- [Task statement]:
Below are the entries; give again exactly the lines from the one mentioning "le persone interessate." through the one mentioning "Quickly restores or", inclusive.

- [Given records]:

________________________

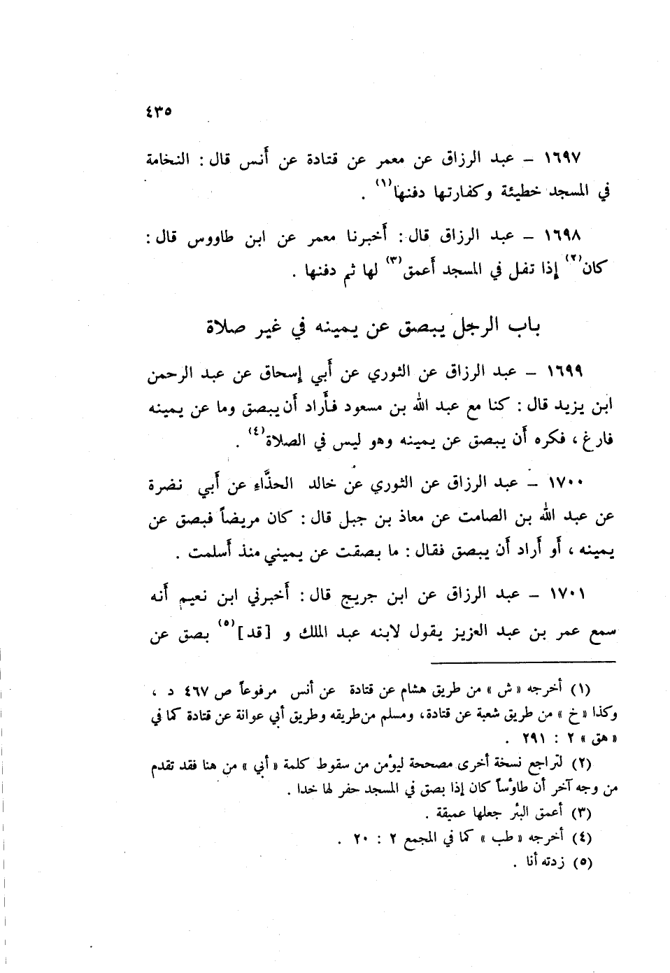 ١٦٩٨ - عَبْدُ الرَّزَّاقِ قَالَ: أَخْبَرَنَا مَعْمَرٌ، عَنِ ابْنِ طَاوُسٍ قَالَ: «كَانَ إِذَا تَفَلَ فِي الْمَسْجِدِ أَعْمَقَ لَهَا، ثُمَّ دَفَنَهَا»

________________________

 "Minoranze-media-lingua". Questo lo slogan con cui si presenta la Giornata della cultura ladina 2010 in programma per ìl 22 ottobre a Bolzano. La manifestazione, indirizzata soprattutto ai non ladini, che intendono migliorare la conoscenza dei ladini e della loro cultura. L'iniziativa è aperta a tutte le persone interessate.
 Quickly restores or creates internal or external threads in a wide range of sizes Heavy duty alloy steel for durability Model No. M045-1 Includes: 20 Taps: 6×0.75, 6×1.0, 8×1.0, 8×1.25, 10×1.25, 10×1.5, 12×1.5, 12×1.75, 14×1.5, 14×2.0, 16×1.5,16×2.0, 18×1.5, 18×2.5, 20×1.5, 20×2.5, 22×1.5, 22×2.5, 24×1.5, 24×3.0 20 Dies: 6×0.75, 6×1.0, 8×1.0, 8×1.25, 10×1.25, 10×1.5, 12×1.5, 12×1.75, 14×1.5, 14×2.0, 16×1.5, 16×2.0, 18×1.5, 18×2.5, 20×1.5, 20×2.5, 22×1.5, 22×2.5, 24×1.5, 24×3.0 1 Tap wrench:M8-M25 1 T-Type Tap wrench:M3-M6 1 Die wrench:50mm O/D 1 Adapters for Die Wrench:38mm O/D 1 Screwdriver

________________________

- [Task answer]:
 "Minoranze-media-lingua". Questo lo slogan con cui si presenta la Giornata della cultura ladina 2010 in programma per ìl 22 ottobre a Bolzano. La manifestazione, indirizzata soprattutto ai non ladini, che intendono migliorare la conoscenza dei ladini e della loro cultura. L'iniziativa è aperta a tutte le persone interessate.
 Quickly restores or creates internal or external threads in a wide range of sizes Heavy duty alloy steel for durability Model No. M045-1 Includes: 20 Taps: 6×0.75, 6×1.0, 8×1.0, 8×1.25, 10×1.25, 10×1.5, 12×1.5, 12×1.75, 14×1.5, 14×2.0, 16×1.5,16×2.0, 18×1.5, 18×2.5, 20×1.5, 20×2.5, 22×1.5, 22×2.5, 24×1.5, 24×3.0 20 Dies: 6×0.75, 6×1.0, 8×1.0, 8×1.25, 10×1.25, 10×1.5, 12×1.5, 12×1.75, 14×1.5, 14×2.0, 16×1.5, 16×2.0, 18×1.5, 18×2.5, 20×1.5, 20×2.5, 22×1.5, 22×2.5, 24×1.5, 24×3.0 1 Tap wrench:M8-M25 1 T-Type Tap wrench:M3-M6 1 Die wrench:50mm O/D 1 Adapters for Die Wrench:38mm O/D 1 Screwdriver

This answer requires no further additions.